I have much for which to be grateful. Much that enriches my life. One year ago, almost to this day, my husband Jan and I followed the leading of God and stepped back into the life of the local church. It felt like emotional risk. After three years of growing and healing in the safety and intimacy of a home fellowship, “going to church” felt foreign and socially overwhelming. I felt unknown. A sea of faces and stories I did not know and had not shared. Today as I step through the doors of Grace Christian Fellowship, I am home. I greet faces and friends and stories that I know. I am known. I share in the struggles and in the victories. God is knitting together. Three-fold cords.
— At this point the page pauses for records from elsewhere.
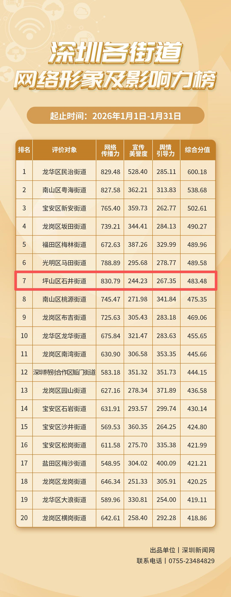 深圳新闻网2026年2月27日讯(记者 张金)近日,深圳新闻网正式发布《深圳各街道网络形象及影响力榜》(2026 年 1 月榜单),坪山区石井街道以483.48 分的综合分值跻身第七,成为坪山区唯一上榜街道。尤为亮眼的是,石井街道凭借830.79 分的高分,拿下网络传播力单项第一,展现出强劲的线上传播实力与良好的街区形象。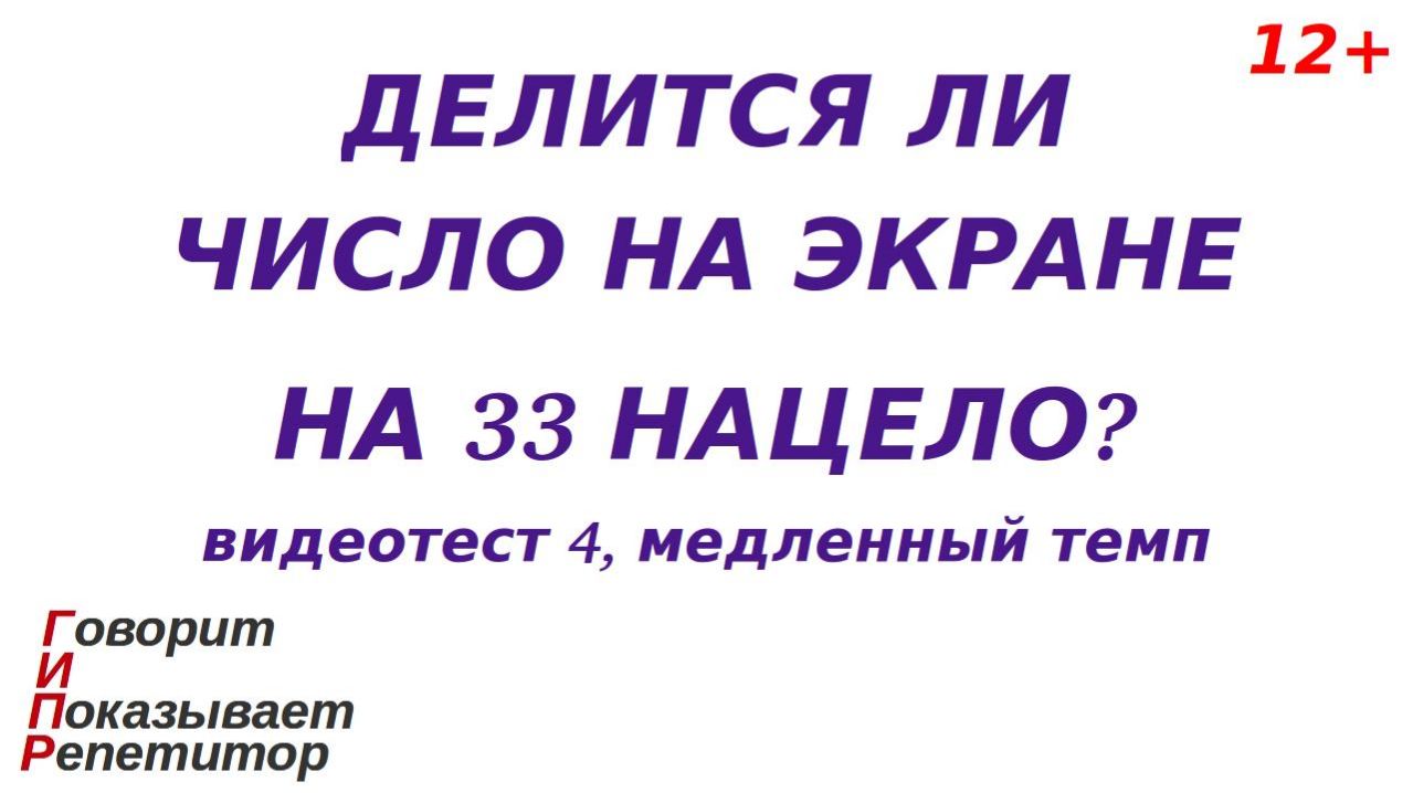 Категория 12+. Этот видеоролик - основа эпизода игры в репетитора и ученика и позволяет тренироваться применять признак делимости на 33 нацело (без остатка). Правила игры в этом эпизоде такие: после запуска видео репетитор-компьютер (планшет, смартфон, телевизор) показывает (отображает) на экране число, а вопрос репетитора следующий: "Делится ли изображенное число на 33 нацело?". Игрок-ученик должен дать ответ (вслух или про себя). Через некоторое время на экране появляется правильный ответ, с которым нужно сравнить свой собственный. Затем показывается следующее число и т. д. Цель игрока-ученика - дать как можно больше правильных ответов. Если все ответы верные, это считается абсолютной победой ученика в этом эпизоде игры. Я рекомендую это видео в первую очередь детям, осваивающим тему "Признаки делимости нацело". Таким образом, ролик представляет собой игровой видеотест, имеющий общие черты с программой-тренажером, дающей онлайн примеры и ответы на них. Показ числа длится 7,0 секунды, а ответа - 1,5 секунды. Это, на мой взгляд, медленный темп. Если тема игры Вам интересна и Вы добились успехов, рекомендую попробовать свои силы при помощи других видеотестов на эту же тему в медленном или даже в среднем темпе, а если после двух-трёх попыток просмотра ролика у Вас всё равно много (больше половины) неверных ответов, то я могу рекомендовать лишь пробовать повторять эту тему другими способами или консультацию специалиста по математике, который бы указал причину появления ошибок. Если же тема не интересна, то не забывайте - это игра и она не должна идти по принуждению. При создании ролика мной преследовалась следующая цель: дать ненавязчивый игровой материал, помогающий повторять пройденную тему детям, с которыми я, как репетитор, индивидуально вживую проводил занятия по арифметике и алгебре. При выборе примеров, времени показа примера, количества примеров в одном ролике, продолжительности ролика, используемых цветов и других параметров в первую очередь я полагался на результаты собственных наблюдений, полученных в процессе указанных занятий. А именно, конкретизирую, перечисленные и другие параметры выбраны так, чтобы на протяжении одного эпизода игры (времени показа одного видео) игрок-ученик мог давать больше половины правильных ответов и при этом не уставал. При таком подходе к созданию ролика главное, чего я добился в своей практике общения с указанными выше детьми, состоит в следующем: каждый игровой эпизод не вызывал отторжения, а наоборот, настраивал на продолжение игры, а, значит, на очередную тренировку вычислительных навыков без постороннего принуждения. Поскольку предлагаемая игра подразумевает развитие навыков, применяемых в образовательном процессе ребенка, ролик отнесён к категории "Образование". Но я подчеркиваю - ролик не создавался как образовательный материал, соответствующий государственным стандартам в сфере образования, методическим указаниям и рекомендациям для образовательного процесса, т. е. образовательным материалом он не является. Также, по моему мнению и отзывам некоторых моих подписчиков, результат моей работы оказался полностью или частично подходящим ответом на такие популярные поисковые запросы, как: - признак делимости на 33; - признак делимости чисел на тридцать три; - математика признаки делимости; - у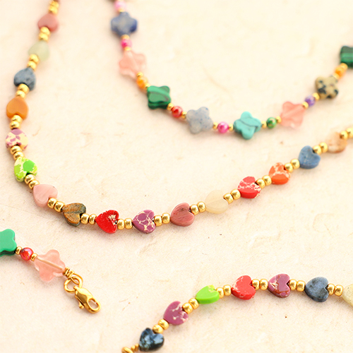 We have a stunning new collection of natural stone beads in heart and clover shapes. Perfect for creating stylish jewellery, available in beautiful colours like red, blue, green, pink, and beige. Use the beads in necklaces or as charms and combine them with chain, metal wire, and Miyuki beads for a unique touch!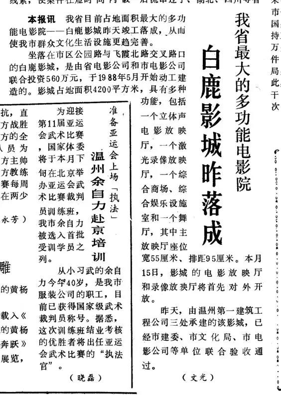 1990年3月15日,地处市区公园路、飞霞路、环城路交叉口的三角地带,建筑面积约6000平方米、拥有当时全省独一无二的观影大厅(800座)的白鹿影城正式对外营业。观众从各县市赶来“尝鲜”,当时排队买票的场面可谓人山人海。
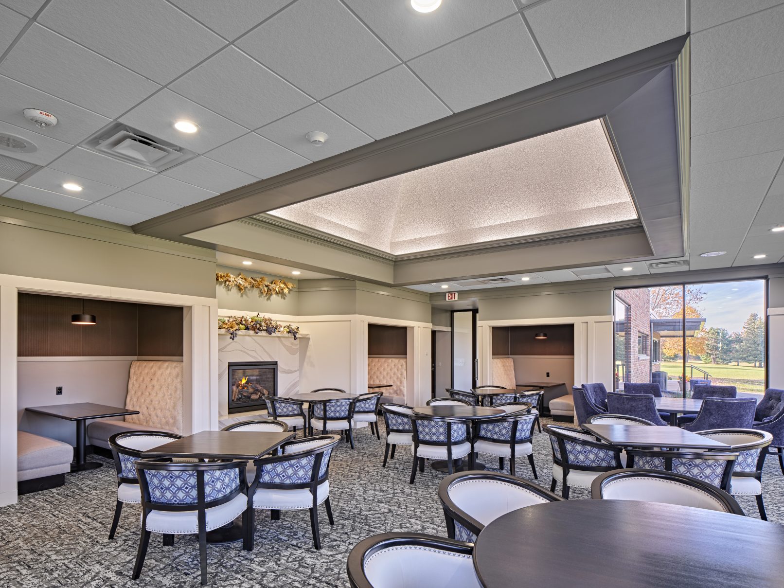 The new design establishes a clear central hub by creating a new entry sequence and lobby. The bar—previously tucked away—is repositioned front and center, offering a lively focal point visible as soon as members walk in. New dining areas support both large gatherings and smaller private experiences, and a custom golf simulator room, acoustically isolated from the main space, adds a contemporary amenity.
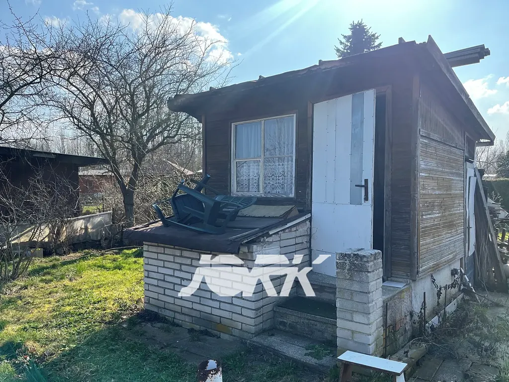 Zahrádka o výměře 313 m2 je v uzavřené zahrádkářské kolonii, na pozemku se nachází malá chatka na vlastní stavební parcele o výměře 6 m2, ovocné stromy, záhony.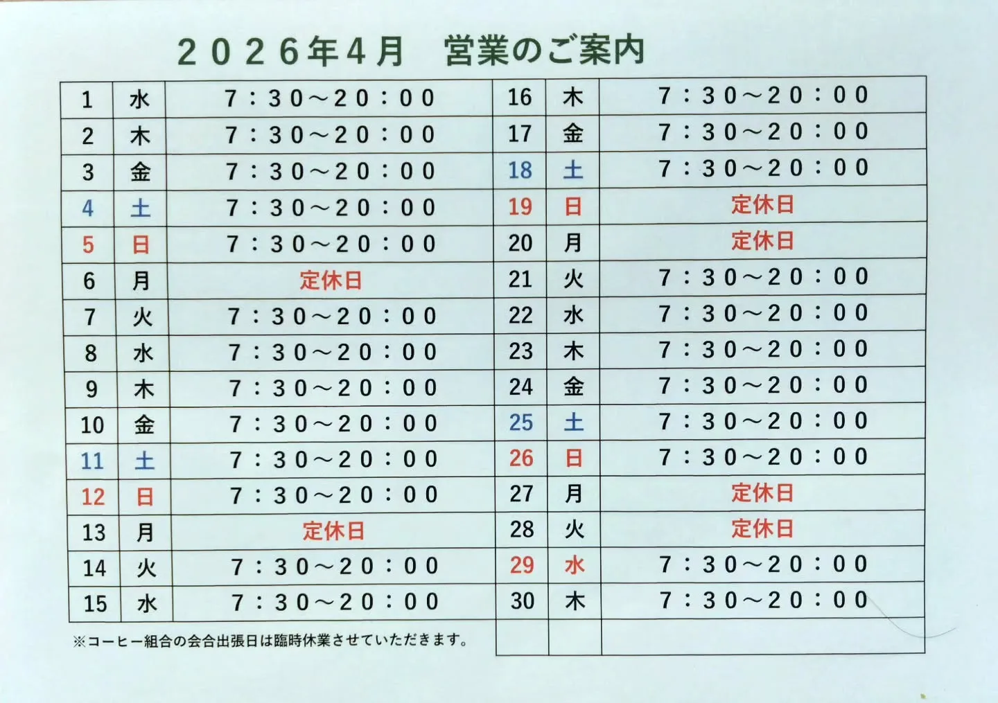 4月営業 休日案内☕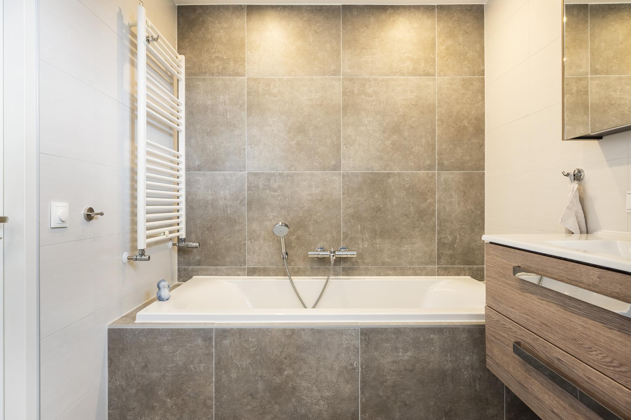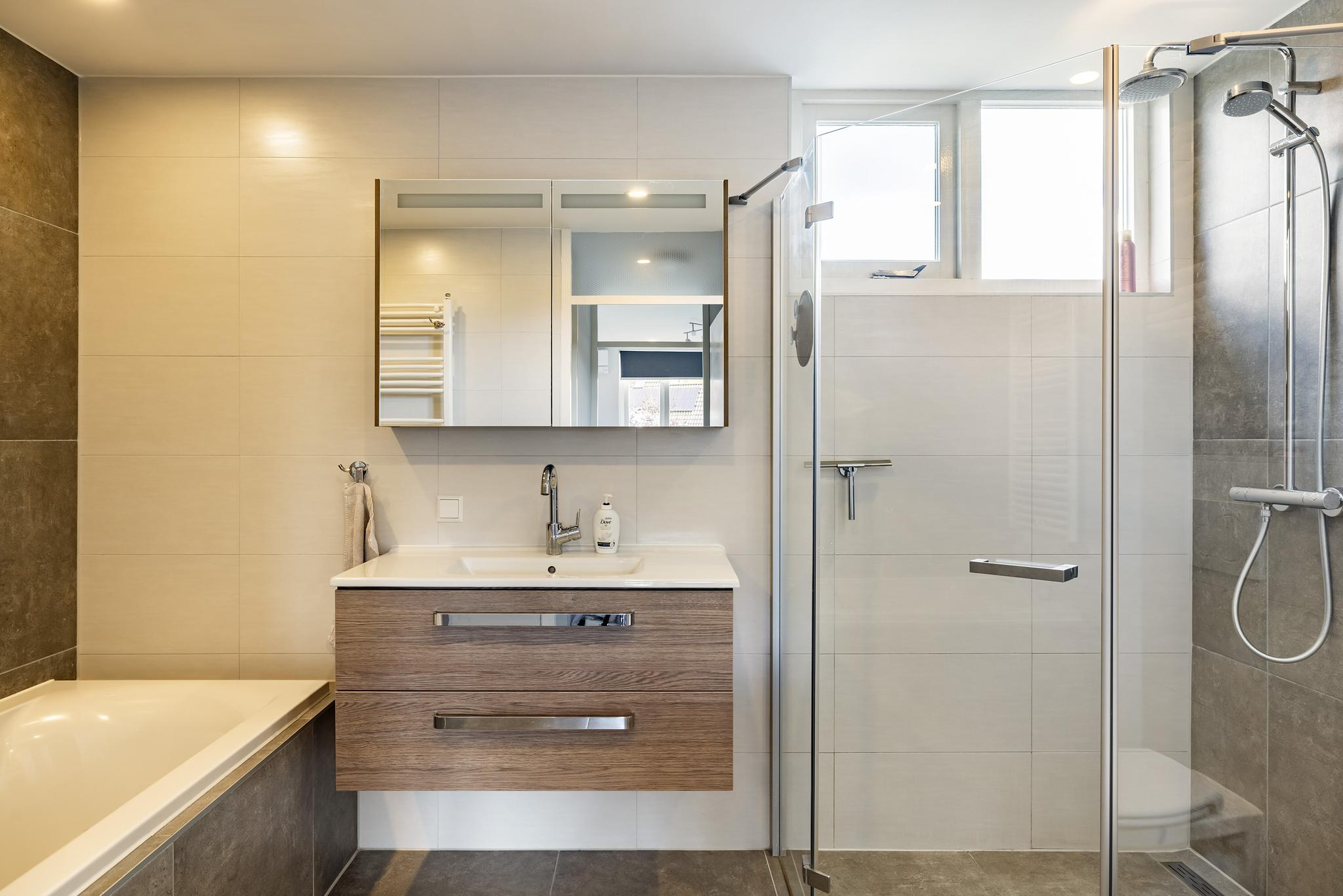 Moderne badkamer (geheel betegeld) met zowel een ligbad als een ruime douche (beide met thermostaatkraan), een brede wastafel met spiegelkast, toilet, designradiator en inbouwspots.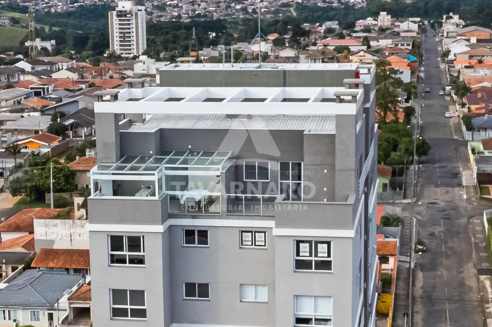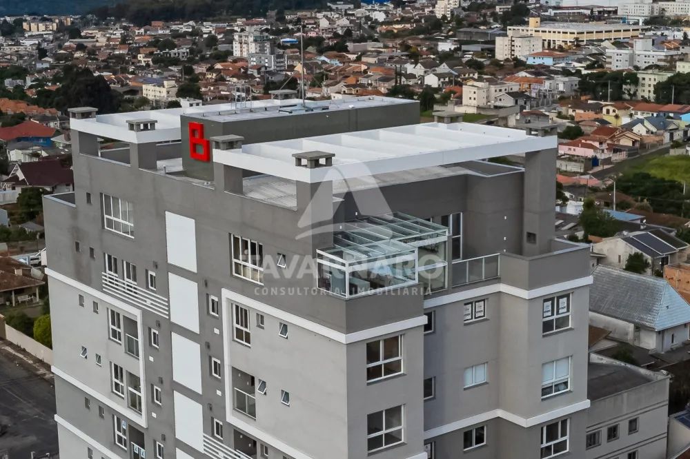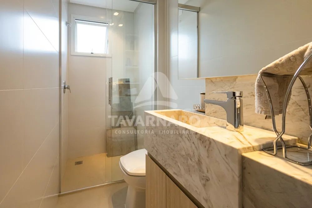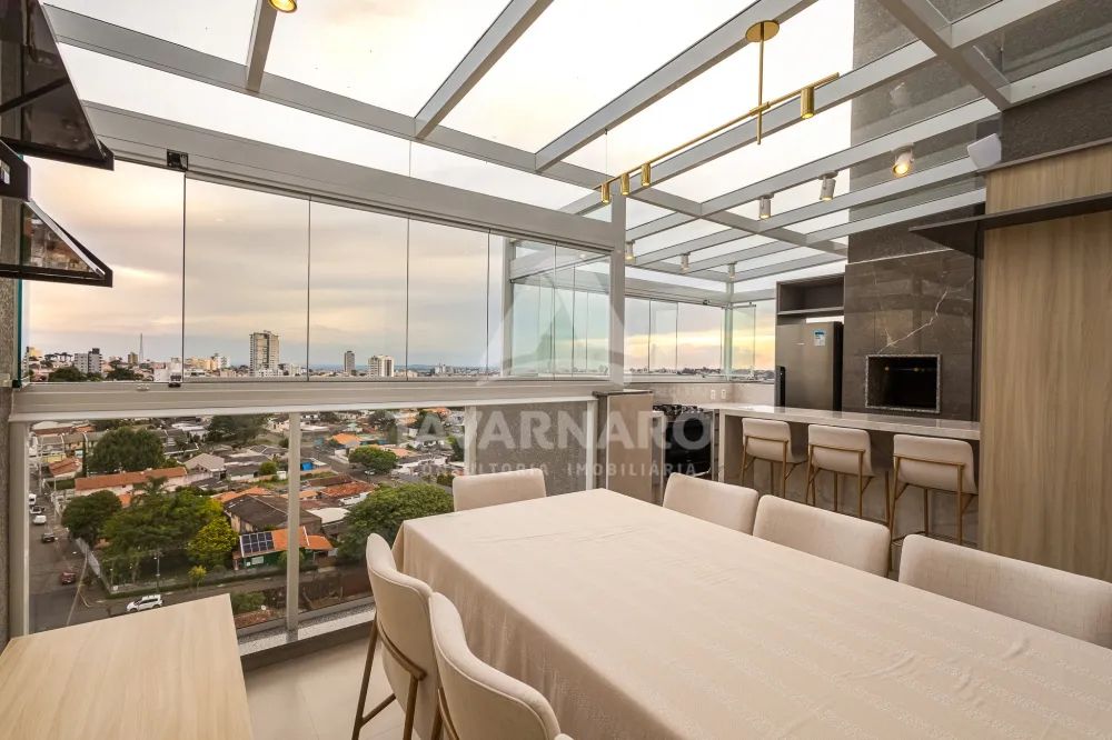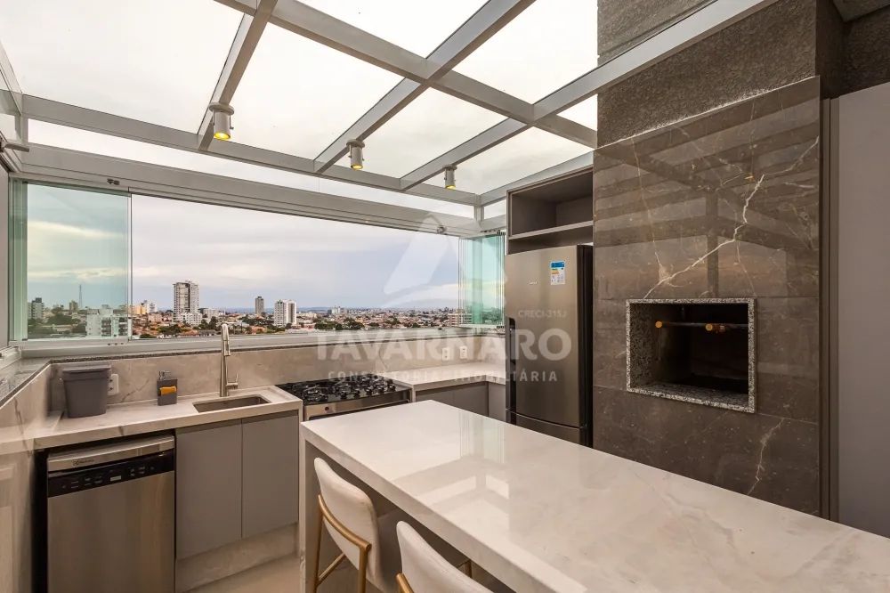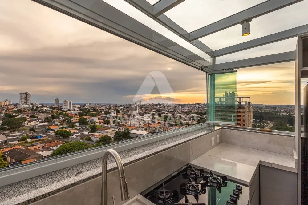 A cobertura é fechada em vidro com abertura total nas laterais e há 2 vagas de garagem.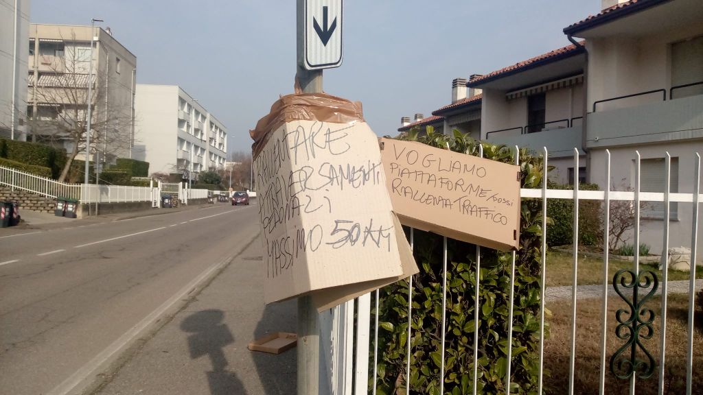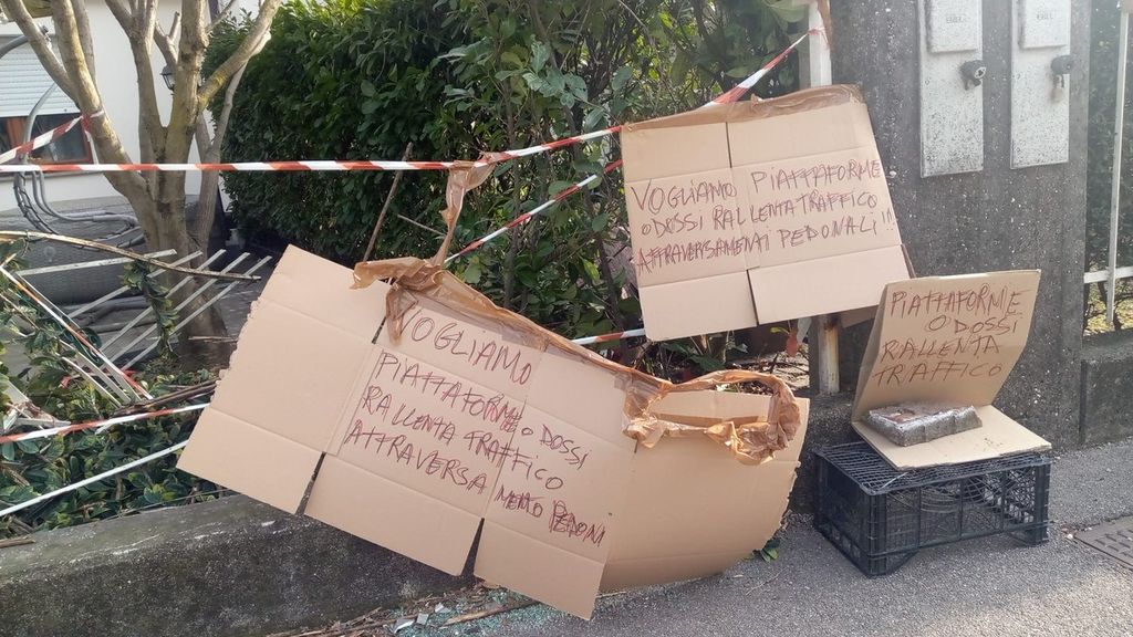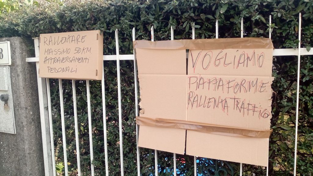 Vogliamo dossi e rallentamento traffico o Vogliamo piattaforme sono le scritte comparse e appese lungo via Rodari, in corrispondenza delle villette.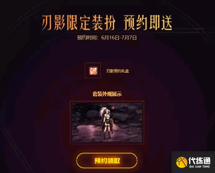 伴随新职业刃影的开放,官方也开放了四个活动首先进入预约活动页面后点击右上角的预约即送限定装扮,点击弹窗中的预约领取按钮,即可成功预约并领取刃影预约礼盒,单Q限领1次。毒奶粉玩家一定不要错过哦!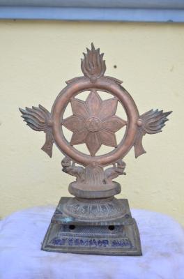 | Description / विवरण | Chakram fixed on padma peetam. Three flame motifs are found in the circle. The circle is supported by two lions on either side . At the centre of the chakra, a swastika design is embedded. |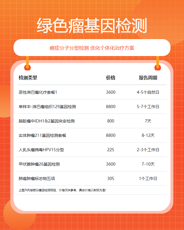 上海绿色瘤基因检测套餐参考推荐
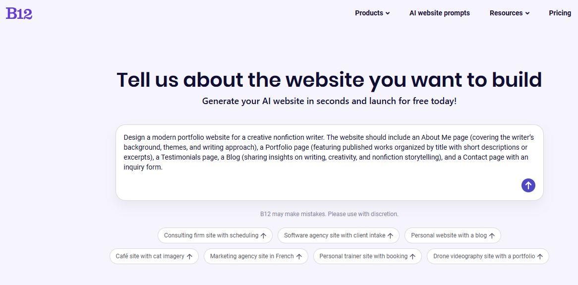 - Why this B12 AI website builder stands out: B12 combines AI speed with human-quality output and business functionality. It also offers prompt website gallery templates for industry-specific sites, letting you fine-tune every section or get support from B12’s creative services team.

I have much for which to be grateful, and yet tonight a sense of sadness invades and forces me to look beyond my world of blessing. Compels me to feel. Compels me to acknowledge. Mostly it’s the stories of children that invade. Abuse. Neglect. Abandonment. Death. It’s difficult to watch the news. It’s difficult to admit that I have a knee-jerk reaction to look away. To retreat to my world of gratefulness and blessing. And yet when I look, I see what my Savior sees. When I feel, I feel what my Savior feels. If I am to “let the light of knowledge of the glory of God shine in my heart’; if I am to “let the life of Jesus be manifested in my body” (2Corinithians 4:6,11), then I must look and I must feel. And I must do what He would ask me to do.

I have much for which to be grateful. I am alive, and I am able to do what Jesus would ask of me. I have opportunities to be the hands and feet and heart of Jesus. I am part of a local Body that is the hands and feet and heart of Jesus. My son and daughter-in-law have opened their hearts and home to offer the love of Jesus to children who need to be loved and valued, and I get to love these children as my own. I see the love and rescue of Christ all around me. But tonight, tonight He asks me to look and to see what He sees. Tonight He asks me to feel, to leave my heart exposed and to feel in some tiny, infinitesimal way what He feels. Tonight He asks me to do what He does – in this body and mind and spirit that is me. Three-fold chord.